> YOUR OBJECTIVE
Pictures should be left out while the data beneath this task is written out word for word.

Recorded data:

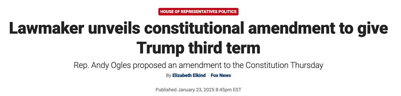 Сторонник Дональда Трампа в Палате представителей Энди Оглз представил поправку к конституции, которая позволит президенту США баллотироваться на третий срок.
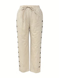 Sale Women's Loose Fit Wide-Leg Trousers - Casual Solid Color Drawstring Design Fashion Pants
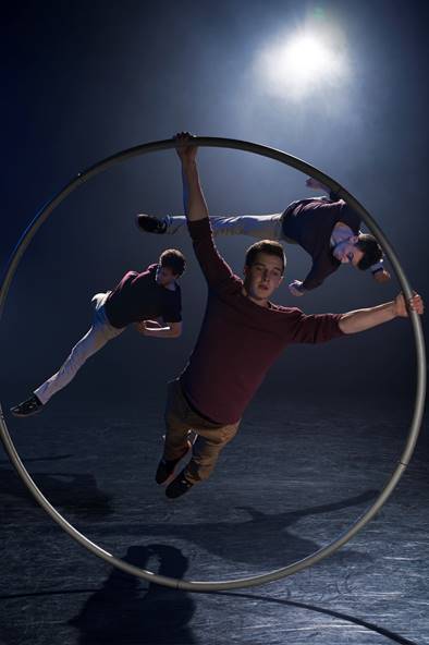 By the end of the evening there are more than a few times you will find yourself gasping at some of the positions they throw themselves into and the feats they perform. Handshakes become handstands as D’Amico and Gift perform a series of clinches and grasps. Meanwhile Wheeller captivates the audience balancing on the Cyr Wheel as he goes it alone… And before the end of the show they strip down to their underwear showing their fantastic... er... form by creating a human pyramid.
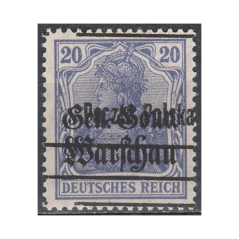 Wydanie przedrukowane na znaczkach General Gouvernement. Znaczek czysty bez śladu podlepki. Makulatura - nadruk przsunięty w poziomie. Gwarancja Z. Wiatrowski.
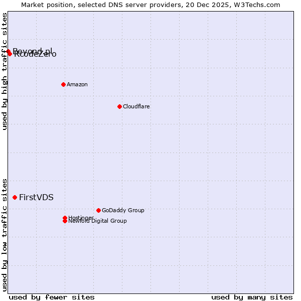 TechnologiesContent ManagementServer-side Languages Client-side Languages JavaScript Libraries CSS Frameworks Web Servers Web Panels Operating Systems Web Hosting Data Centers Reverse Proxies DNS Servers Email Servers SSL Certificate Authorities Content Delivery Traffic Analysis Tools Advertising Networks Tag Managers Social Widgets Site Elements Structured Data Markup Languages Character Encodings Image File Formats Top Level Domains Server Locations Content Languages | Technologies > DNS Servers > Technology usage comparison Comparison of the usage statistics of FirstVDS vs. RcodeZero vs. Beyond.pl for websitesThis report shows the usage statistics of FirstVDS vs. RcodeZero vs. Beyond.pl as DNS server provider on the web. See technologies overview for explanations on the methodologies used in the surveys. Our reports are updated daily. UsageThis diagram shows the percentages of websites using the selected technologies. How to read the diagram:

> SOLVED EXERCISE
 Сторонник Дональда Трампа в Палате представителей Энди Оглз представил поправку к конституции, которая позволит президенту США баллотироваться на третий срок.
 Sale Women's Loose Fit Wide-Leg Trousers - Casual Solid Color Drawstring Design Fashion Pants
 By the end of the evening there are more than a few times you will find yourself gasping at some of the positions they throw themselves into and the feats they perform. Handshakes become handstands as D’Amico and Gift perform a series of clinches and grasps. Meanwhile Wheeller captivates the audience balancing on the Cyr Wheel as he goes it alone… And before the end of the show they strip down to their underwear showing their fantastic... er... form by creating a human pyramid.
 Wydanie przedrukowane na znaczkach General Gouvernement. Znaczek czysty bez śladu podlepki. Makulatura - nadruk przsunięty w poziomie. Gwarancja Z. Wiatrowski.
 TechnologiesContent ManagementServer-side Languages Client-side Languages JavaScript Libraries CSS Frameworks Web Servers Web Panels Operating Systems Web Hosting Data Centers Reverse Proxies DNS Servers Email Servers SSL Certificate Authorities Content Delivery Traffic Analysis Tools Advertising Networks Tag Managers Social Widgets Site Elements Structured Data Markup Languages Character Encodings Image File Formats Top Level Domains Server Locations Content Languages | Technologies > DNS Servers > Technology usage comparison Comparison of the usage statistics of FirstVDS vs. RcodeZero vs. Beyond.pl for websitesThis report shows the usage statistics of FirstVDS vs. RcodeZero vs. Beyond.pl as DNS server provider on the web. See technologies overview for explanations on the methodologies used in the surveys. Our reports are updated daily. UsageThis diagram shows the percentages of websites using the selected technologies. How to read the diagram:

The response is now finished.